— DATASET RECORDS —
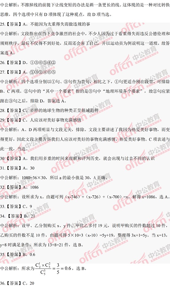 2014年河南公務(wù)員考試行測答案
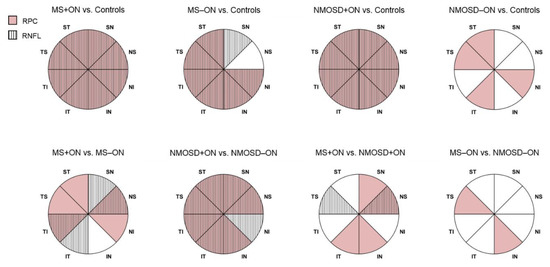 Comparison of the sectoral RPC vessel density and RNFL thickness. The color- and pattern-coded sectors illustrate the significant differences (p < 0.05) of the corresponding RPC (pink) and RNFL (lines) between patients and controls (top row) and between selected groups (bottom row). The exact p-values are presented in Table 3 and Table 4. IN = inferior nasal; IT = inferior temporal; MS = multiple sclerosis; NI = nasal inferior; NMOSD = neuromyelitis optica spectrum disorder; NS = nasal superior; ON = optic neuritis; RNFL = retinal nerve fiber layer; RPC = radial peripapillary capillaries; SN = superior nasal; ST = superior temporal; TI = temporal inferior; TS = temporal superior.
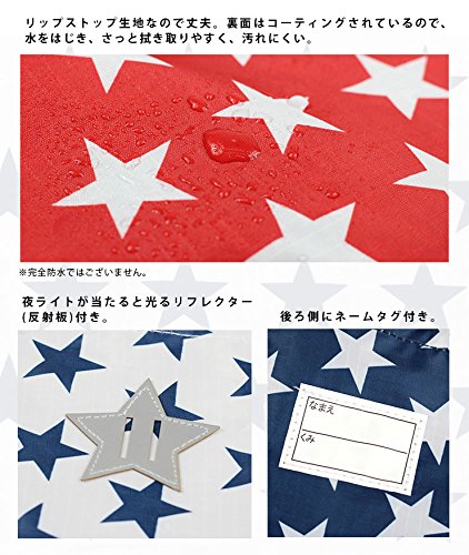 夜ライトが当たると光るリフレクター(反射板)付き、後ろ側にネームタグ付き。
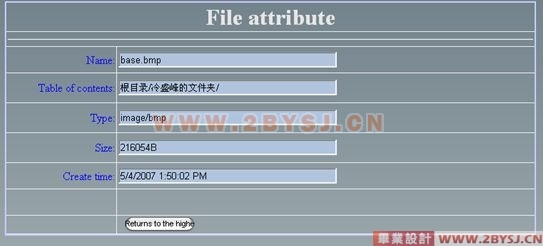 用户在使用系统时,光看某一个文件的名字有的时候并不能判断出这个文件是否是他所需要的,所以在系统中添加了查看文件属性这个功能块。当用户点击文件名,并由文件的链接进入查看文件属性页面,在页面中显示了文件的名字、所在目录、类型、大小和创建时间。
...
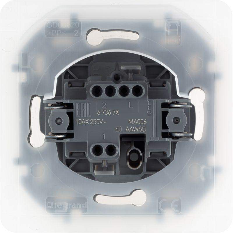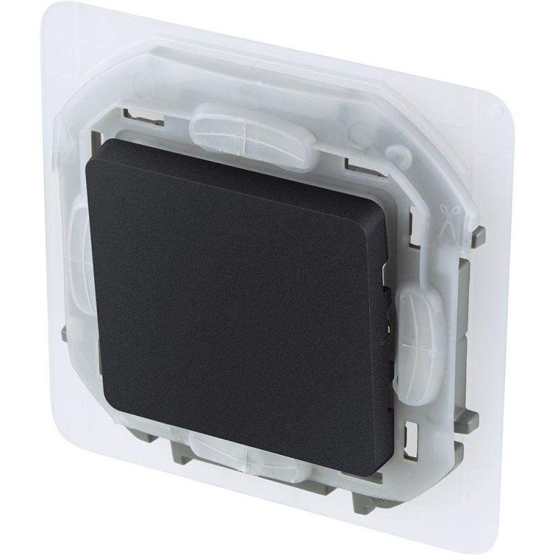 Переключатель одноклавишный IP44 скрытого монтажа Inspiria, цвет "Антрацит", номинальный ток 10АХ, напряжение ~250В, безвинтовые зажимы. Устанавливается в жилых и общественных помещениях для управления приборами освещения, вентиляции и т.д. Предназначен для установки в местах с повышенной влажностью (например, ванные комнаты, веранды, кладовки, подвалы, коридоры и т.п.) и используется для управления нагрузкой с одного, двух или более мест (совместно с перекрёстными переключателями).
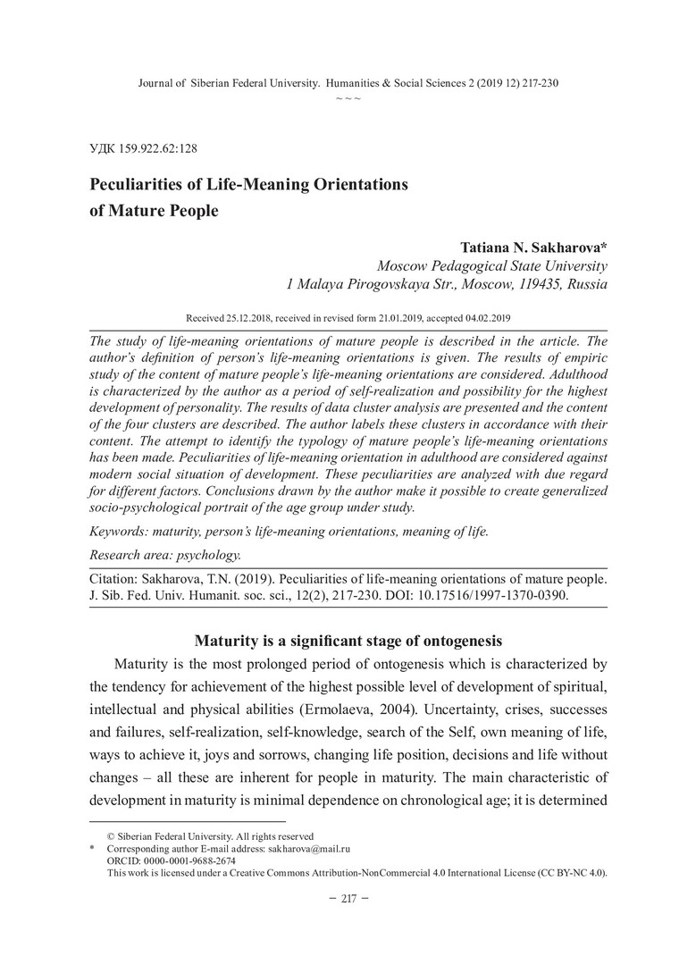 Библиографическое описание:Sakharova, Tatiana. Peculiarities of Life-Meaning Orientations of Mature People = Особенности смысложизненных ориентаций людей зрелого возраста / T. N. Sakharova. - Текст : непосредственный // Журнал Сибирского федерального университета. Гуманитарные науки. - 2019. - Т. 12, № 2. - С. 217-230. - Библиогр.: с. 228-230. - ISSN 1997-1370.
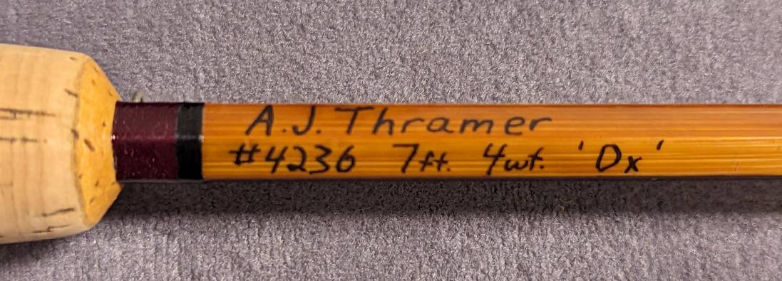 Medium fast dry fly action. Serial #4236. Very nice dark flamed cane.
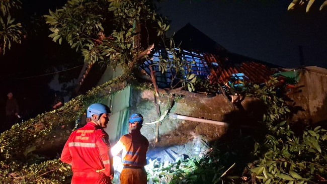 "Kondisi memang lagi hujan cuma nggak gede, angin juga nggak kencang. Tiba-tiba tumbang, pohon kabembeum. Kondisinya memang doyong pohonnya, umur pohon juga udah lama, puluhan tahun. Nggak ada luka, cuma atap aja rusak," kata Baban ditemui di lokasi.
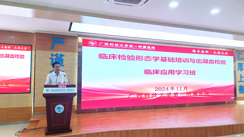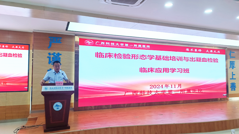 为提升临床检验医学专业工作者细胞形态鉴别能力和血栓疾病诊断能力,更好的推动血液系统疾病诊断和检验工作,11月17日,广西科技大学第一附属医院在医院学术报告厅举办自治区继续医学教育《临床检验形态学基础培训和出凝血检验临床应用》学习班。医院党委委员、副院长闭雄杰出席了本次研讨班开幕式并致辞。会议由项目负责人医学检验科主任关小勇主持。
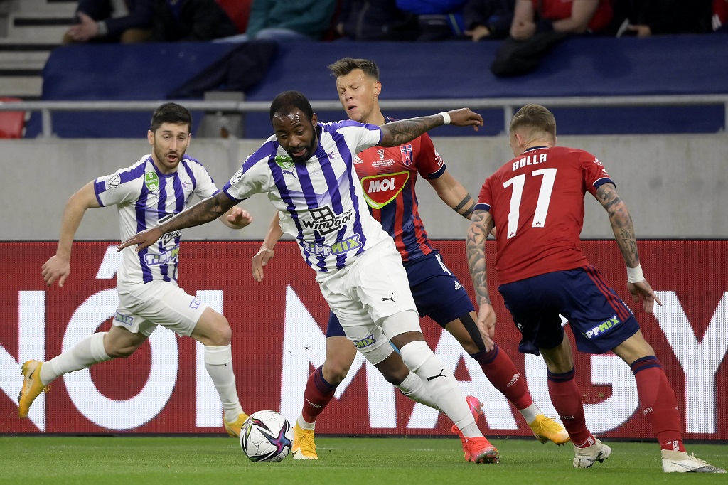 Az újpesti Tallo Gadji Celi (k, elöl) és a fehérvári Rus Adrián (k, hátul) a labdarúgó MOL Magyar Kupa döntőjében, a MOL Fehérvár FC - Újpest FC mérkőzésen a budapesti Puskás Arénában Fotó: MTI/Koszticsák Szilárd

— EXERCISE OBJECTIVE —
In the listing above, find the line containing "ditemui di lokasi." and the line containing "Az újpesti Tallo". Print those two lines and every line between them exactly, with no pictures.

— TASK RESPONSE —
 "Kondisi memang lagi hujan cuma nggak gede, angin juga nggak kencang. Tiba-tiba tumbang, pohon kabembeum. Kondisinya memang doyong pohonnya, umur pohon juga udah lama, puluhan tahun. Nggak ada luka, cuma atap aja rusak," kata Baban ditemui di lokasi.
 为提升临床检验医学专业工作者细胞形态鉴别能力和血栓疾病诊断能力,更好的推动血液系统疾病诊断和检验工作,11月17日,广西科技大学第一附属医院在医院学术报告厅举办自治区继续医学教育《临床检验形态学基础培训和出凝血检验临床应用》学习班。医院党委委员、副院长闭雄杰出席了本次研讨班开幕式并致辞。会议由项目负责人医学检验科主任关小勇主持。
 Az újpesti Tallo Gadji Celi (k, elöl) és a fehérvári Rus Adrián (k, hátul) a labdarúgó MOL Magyar Kupa döntőjében, a MOL Fehérvár FC - Újpest FC mérkőzésen a budapesti Puskás Arénában Fotó: MTI/Koszticsák Szilárd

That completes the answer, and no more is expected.